■ **Exercise goal**
Read each of the lines below and tally those with "delle"; the tally is the whole answer.

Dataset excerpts
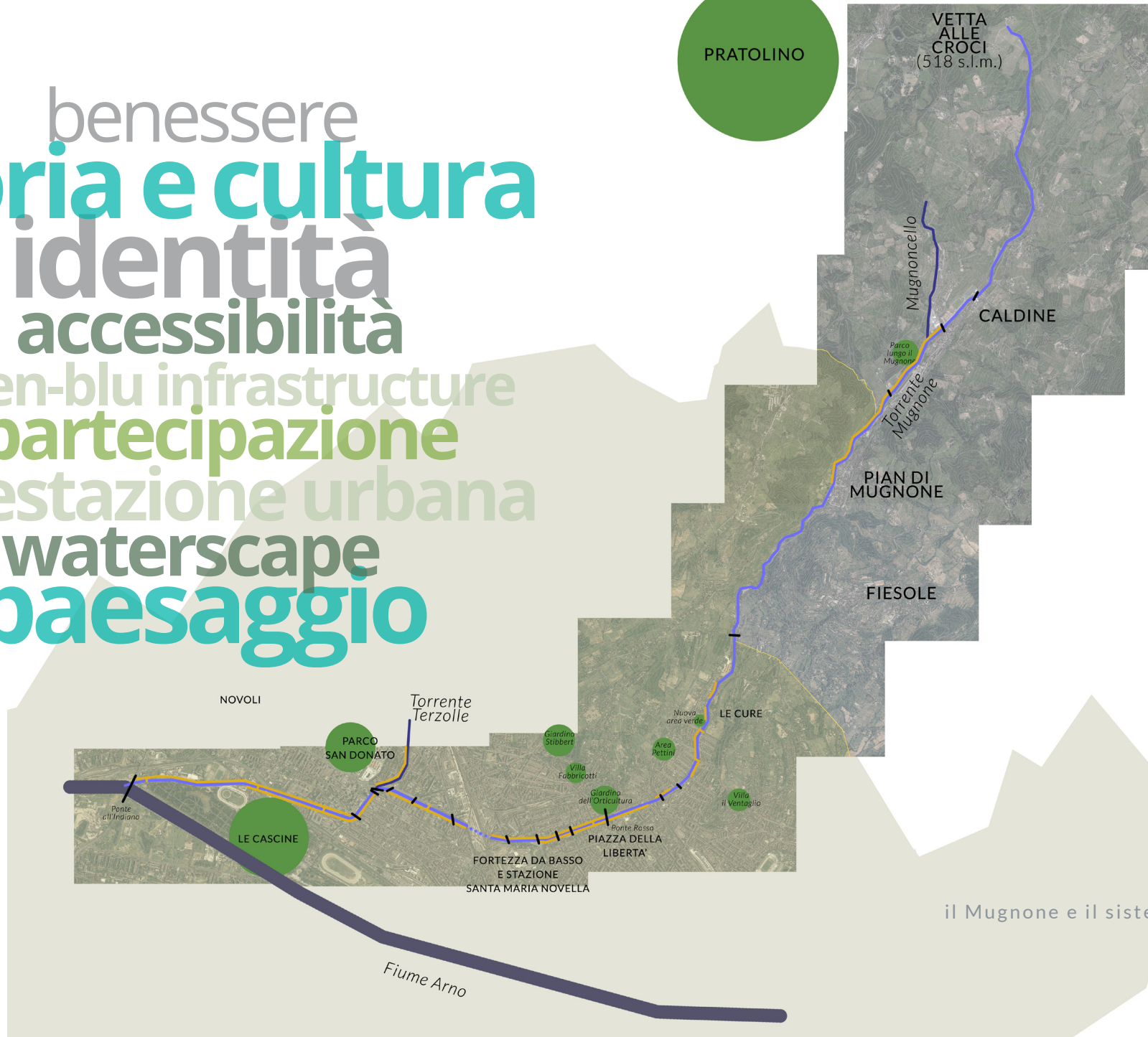
il Mugnone e il sistema dei percorsi
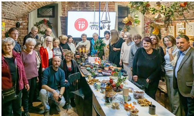
Wspólne zdjęcie na koniec spotkania.

15 grudnia – spotkanie przedświąteczne – składanie życzeń i łamanie się opłatkiem.
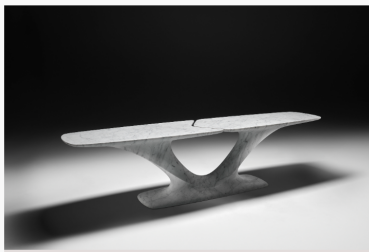
ZHA,Branch Console for Neutra

而另一件Branch Console餐桌則在輕盈和堅固之間取得了微妙的平衡，看起來既懸浮在空間中，又被自然力量所牢牢地扎根，同樣由單一塊大理石雕刻而成，兩個對稱的分支從底部無縫地升起，支撐著桌面，強化了餐桌的懸浮感與精湛工藝。
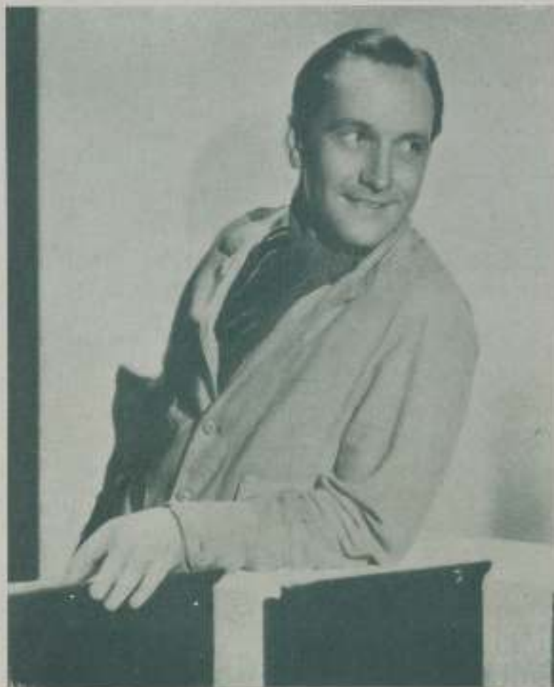
FREDERIC MARCH, el admirado actor, asediado actualmente por la más divulgadora popularidad

Como dije anteriormente, yo era un muchacho tremendo. Cierta es que en las fiestas infantiles de la localidad más recitar versos o hacer discursos, pero no deja de ser bueno cierto que a los seis años de edad mi padre me dió una soberana paliza porque me había permitido el lujo de hacer un recibo de un poder notario que no podía dar un peso de
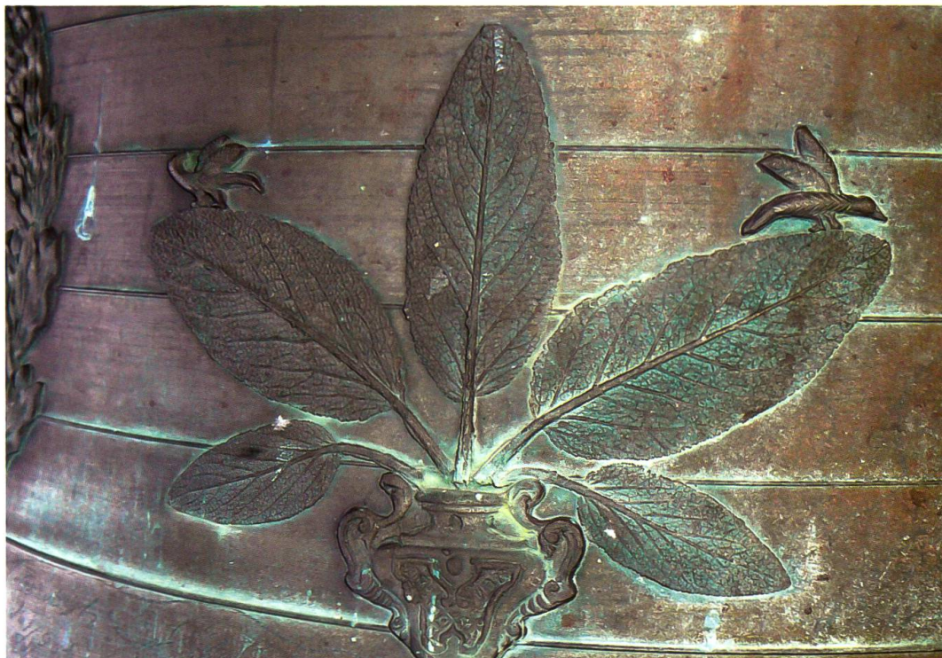
Casaccia, chiesa di San Giovanni, campana maggiore (Theus, 1871): dettaglio delle foglie di salvia

di realizzazione, identico a quello presente sull'altra campana. Al pari di quella di Vicosoprano, anche le due campane di Casaccia sono rifusioni di bronzi più antichi; delle vecchie campane, pare che la maggiore fosse stata realizzata nell'anno 1815, e che l'altra fosse una campana d'origine medievale proveniente dalla distrutta chiesa di San Gaudenzio. 74
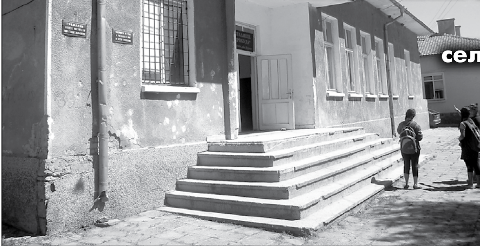
Читалището в с. Мъглен

Единствената културна институция в селото не е ремонтирана от десетилетия
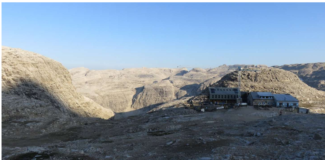
2. Etappenziel: Rifugio Boé (2873m)

Höhenprofil: 2. Tagesetappe (ohne Piz Boé)
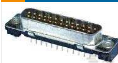
TE Teilenummer2-5748003-0 09 PLUG SP/FMS BRDLK
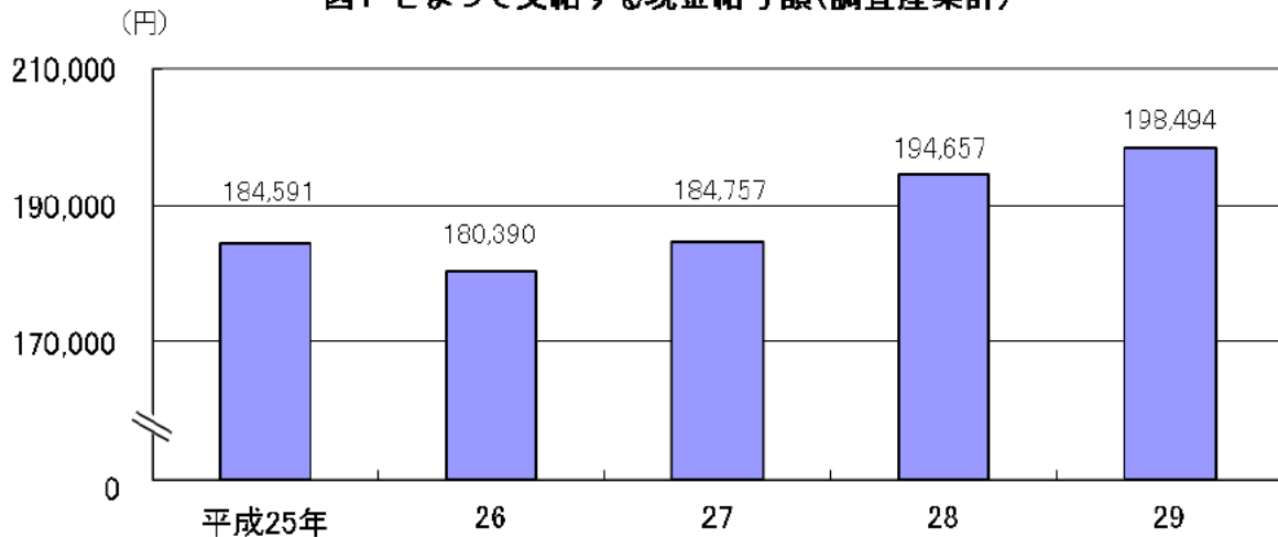
図1 きまって支給する現金給与額(調査産業計)
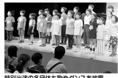
特別出演の各団体も歌やダンスを披露
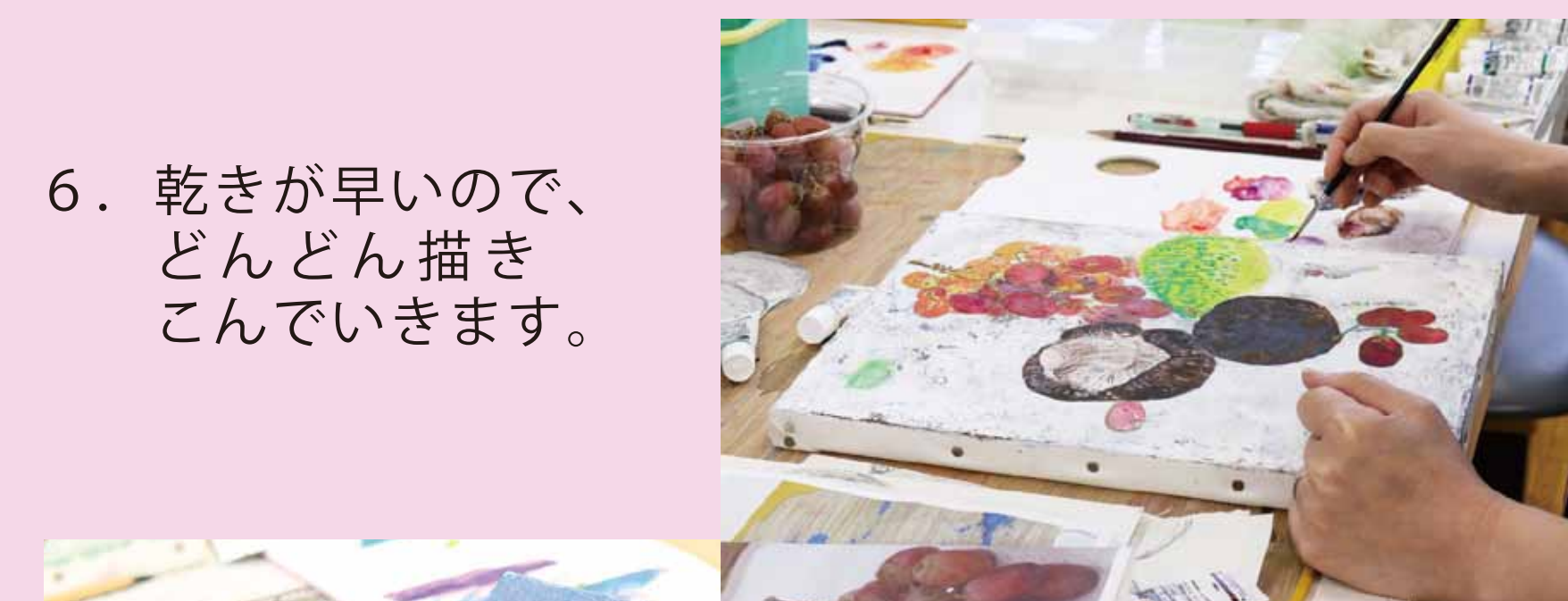
6. 乾きが早いので、どんどん描きこんでいきます。
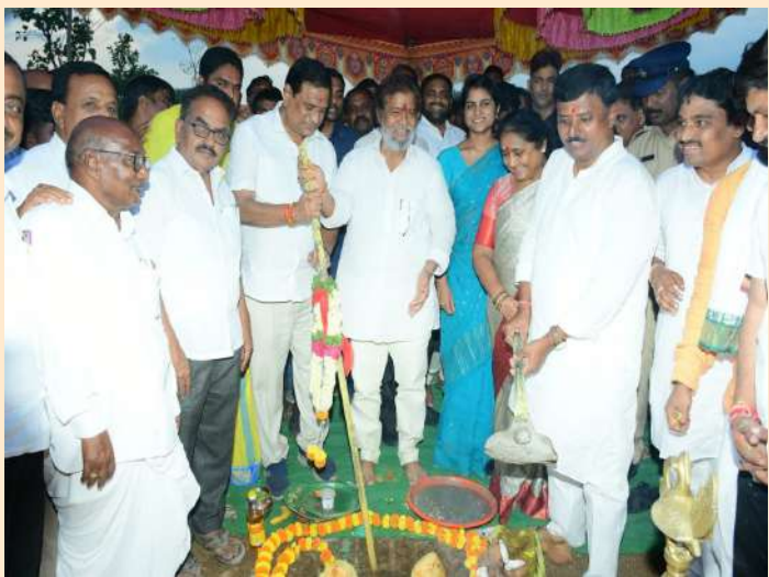
సిర్సాపూర్ అక్టోబర్ 16(ప్రజాజ్యోతి)
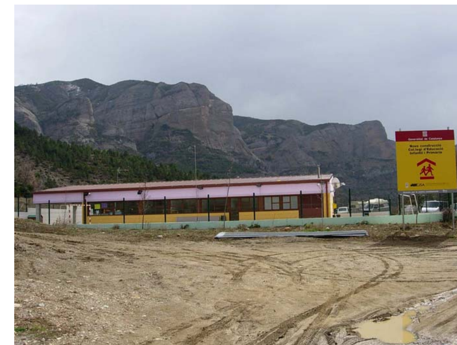
Figura 20.23: A pobles com Espluga de Serra, l'arribada de nous pobladors, joves i amb fills, ha permès la construcció d'un nou col·legi i una renovació de la població que pot comportar una alenada d'aire fresc donant sortida a noves activitats econòmiques a la zona o a mantenir les actuals

Per acabar, no cal oblidar el recent impuls del turisme rural, amb la ruta dels voltors i els itineraris d'observació i descoberta d'aquests rapinyaires i amb les activitats esportives al congost de Mont-rebei, que tot i trobar-se fora de la unitat, esdevé un pol de desenvolupament de tota la zona.
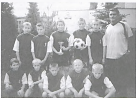
Turniej piłkarski w SP 4
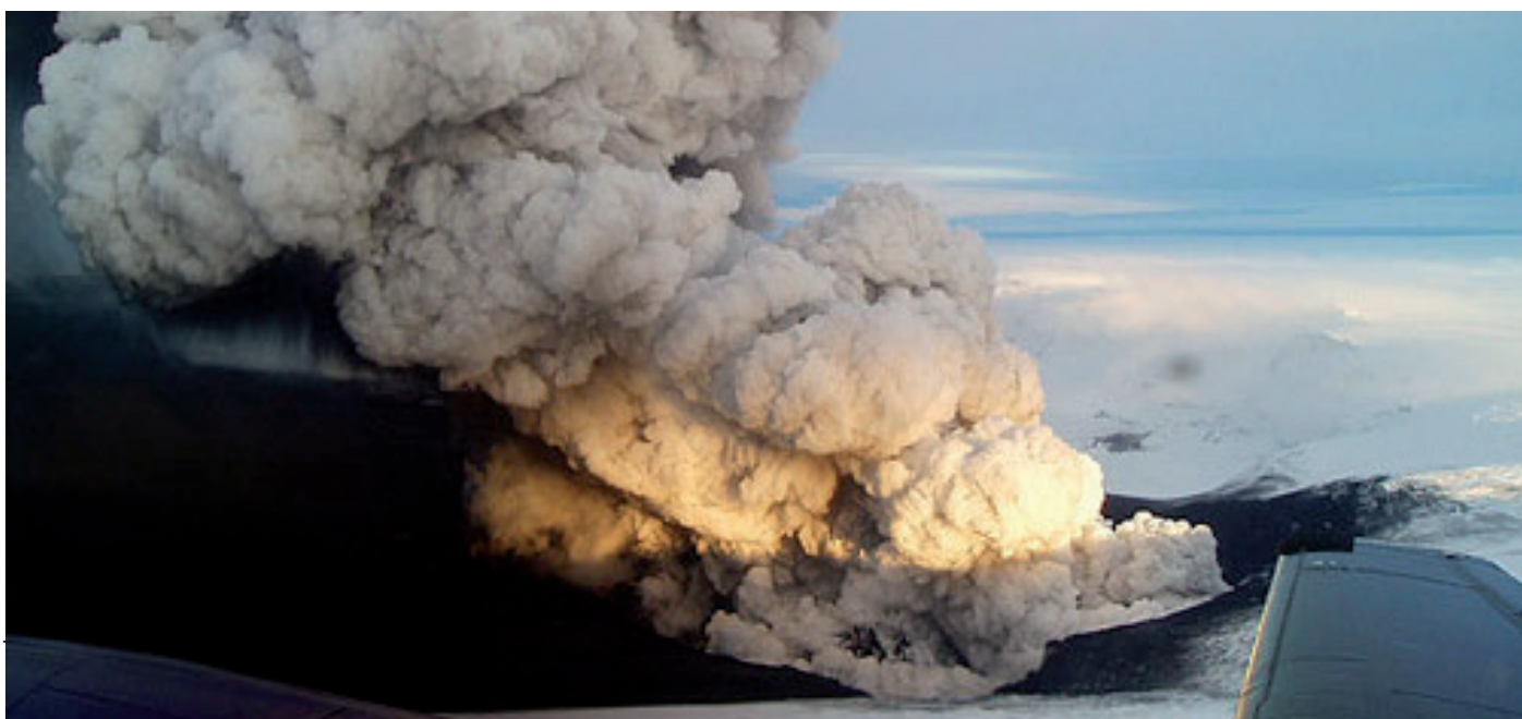
L'éruption du Volcan Eyjafjöll a mis en lumière les ambiguïtés de la législation européenne sur les droits des passagers aériens.

Isabelle.Oberson(at)cit-rail.org Original: FR
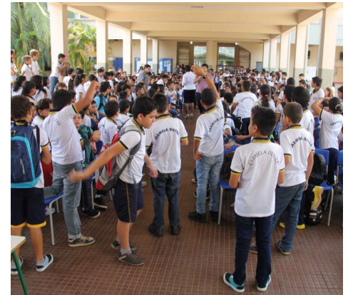
Rede estadual conta com mais de 200 mil alunos matriculados

A secretária também confirmou a manutenção das escolas com administração militarizada, mas com comando e professores civis, decida pelo próprio governo Marcos Ro-
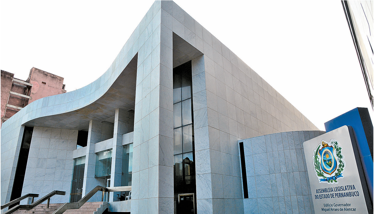
Assembleia Legislativa aprovou as propostas de forma célere ao longo desta semana
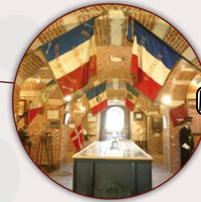
MUSÉE DE LA TOUR D'OSTREVENT BOUCHAIN
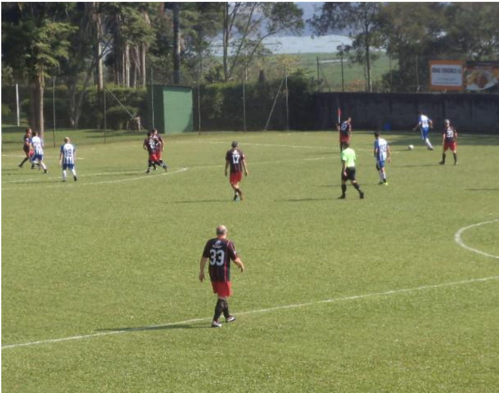
Cruzamento da direita
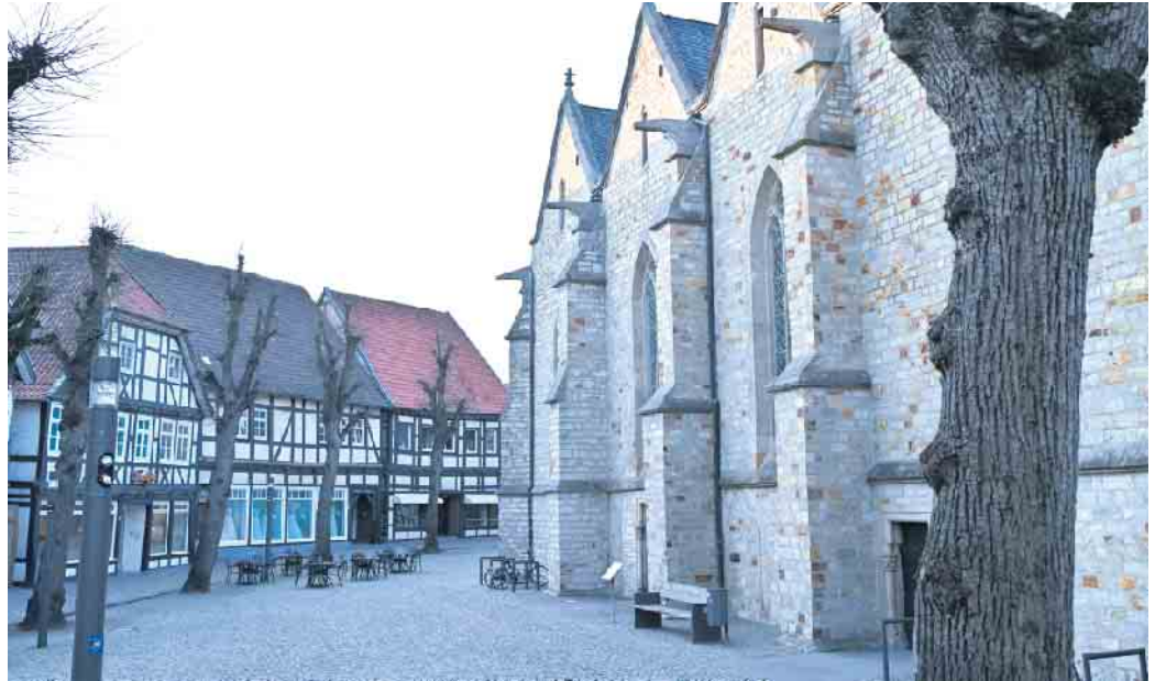
Pfarrkirche St. Johannes Baptist mit Vorplatz in Delbrück.

Medebach/Hallenberg: Gemeinsam wollen wir zum Delbrücker Kreuz unterwegs sein und eine Heilige Messe am Kreuz halten. Die Reliquie des Heiligen Kreuzes erfährt hier seit mehr als 500 Jahren große Verehrung. Anschließend besuchen wir in diesem Jahr die dortige Ausstellung zum Turiner Grabtuch in der St. Johannes-Kirche mit einer Führung. Wir starten mit dem Bus ab der Pfarrkirche St. Peter und Paul Medebach am Donnerstag, 19. März, um 15:30 Uhr und fahren direkt nach Delbrück. Im Anschluss an den Besuch laden wir zu einem kleinen Snack ein, bevor es mit dem Bus wieder nach Hause geht. Kostenbeitrag für die Busreise 20 Euro pro Person. Weitere Informationen unter www.prmh.de . Herzliche Einladung zur Wallfahrt nach Delbrück.
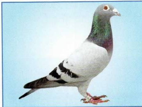
08660-06-22 blau V Nachzucht aus "576"; mit verschiedenen Weibchen fliegen Söhne und Töchter mehrere 1. Konkurse.
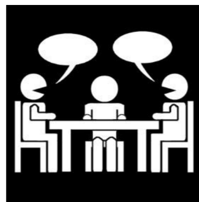
installatie nieuwe cliëntenraad

■ **Solution for this task**
2